Dalam video yang diterima detikJabar, Beti mengungkapkan kondisinya di tanah perantauan. Ia mengaku sudah tak tahan berada di Riyadh karena tak diberi gaji selama bekerja sebagai asisten rumah tangga (ART).
"Assalamualaikum, saya Beti dari Sukabumi. Saya sudah 26 tahun (bekerja) selama ini saya tidak dapat gaji dan tidak boleh berkomunikasi dengan keluarga. Saya ingin pulang, tolong bantuannya kepada pemerintah," ucap Beti dalam video tersebut.
Secara fisik dan perlakuan harian, Beti mengaku tidak mendapatkan kekerasan fisik dari majikannya.
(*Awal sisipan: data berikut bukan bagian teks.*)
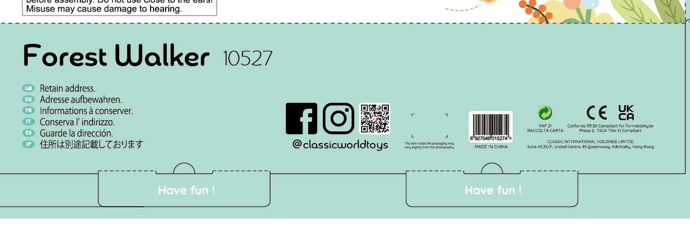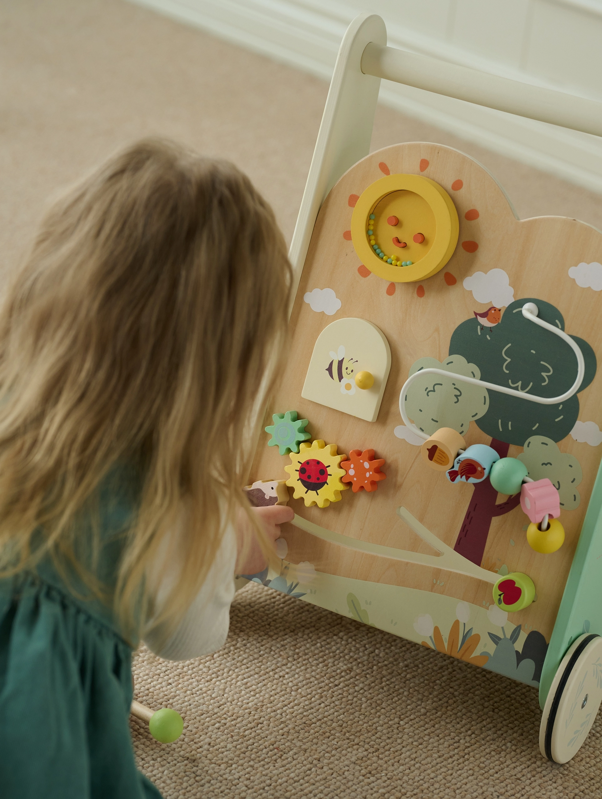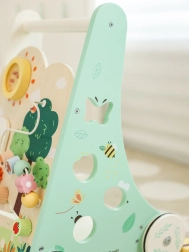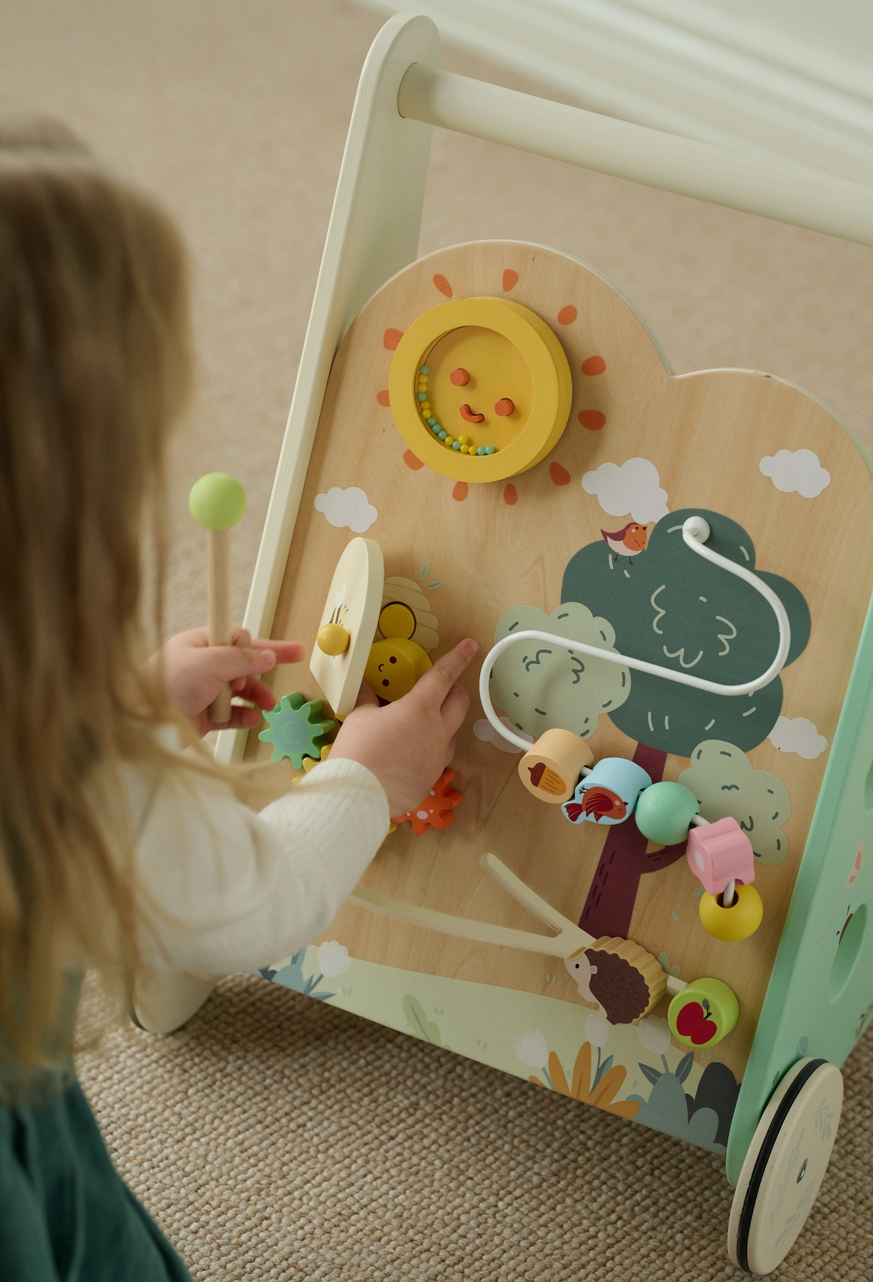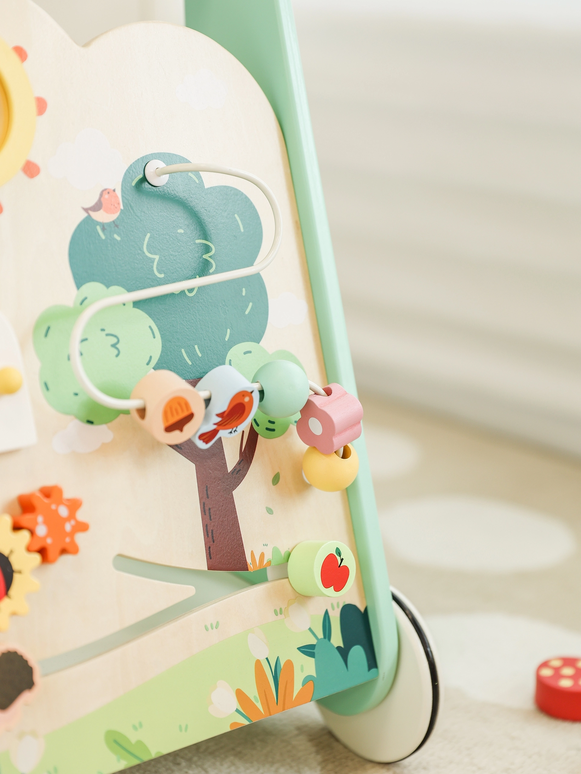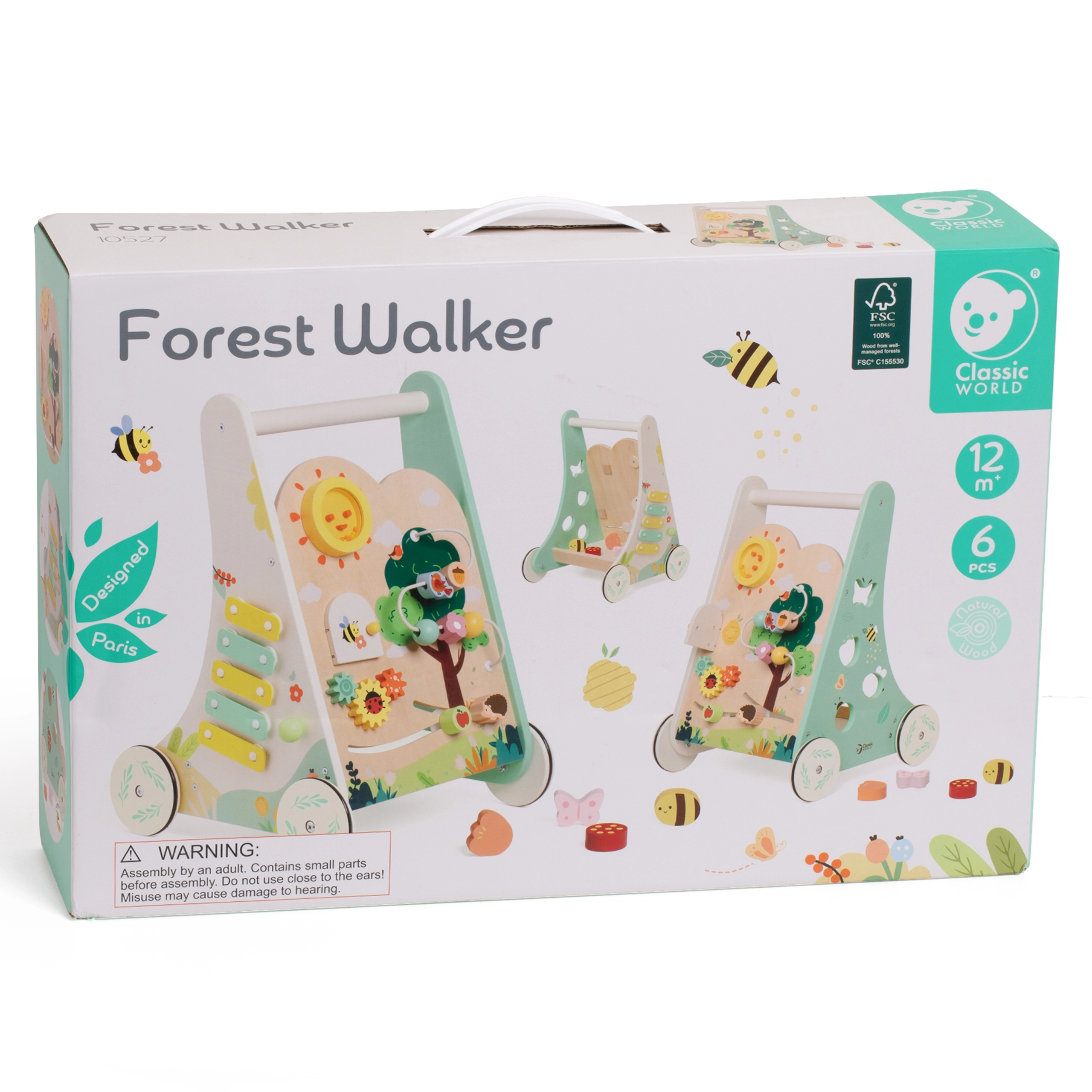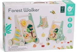 Træ-gåvognen CLASSIC WORLD Forest Walker støtter de første skridt og hverdagens opdagelser. Den robuste trækonstruktion giver tryghed og stabilitet, mens de stille gummibelagte hjul sikrer glidende og lydsvag bevægelse på gulvet. Farverige, interaktive elementer – xylofon, tandhjul, skydende perler og labyrinter – motiverer barnet naturligt til leg og læring.

Namun, persoalan pemenuhan hak pekerja dan kebebasan menjadi penderitaan tersendiri yang harus ia panggul puluhan tahun.
Kini, majikan yang dulu mempekerjakan Beti telah meninggal dunia, dan tanggung jawab mempekerjakannya beralih ke anak sang majikan.
Seiring usianya yang terus bertambah tua, desakan rindu dan keinginan Beti untuk kembali ke kampung halaman kian membuncah. Sayangnya, niat tersebut selalu bertepuk sebelah tangan.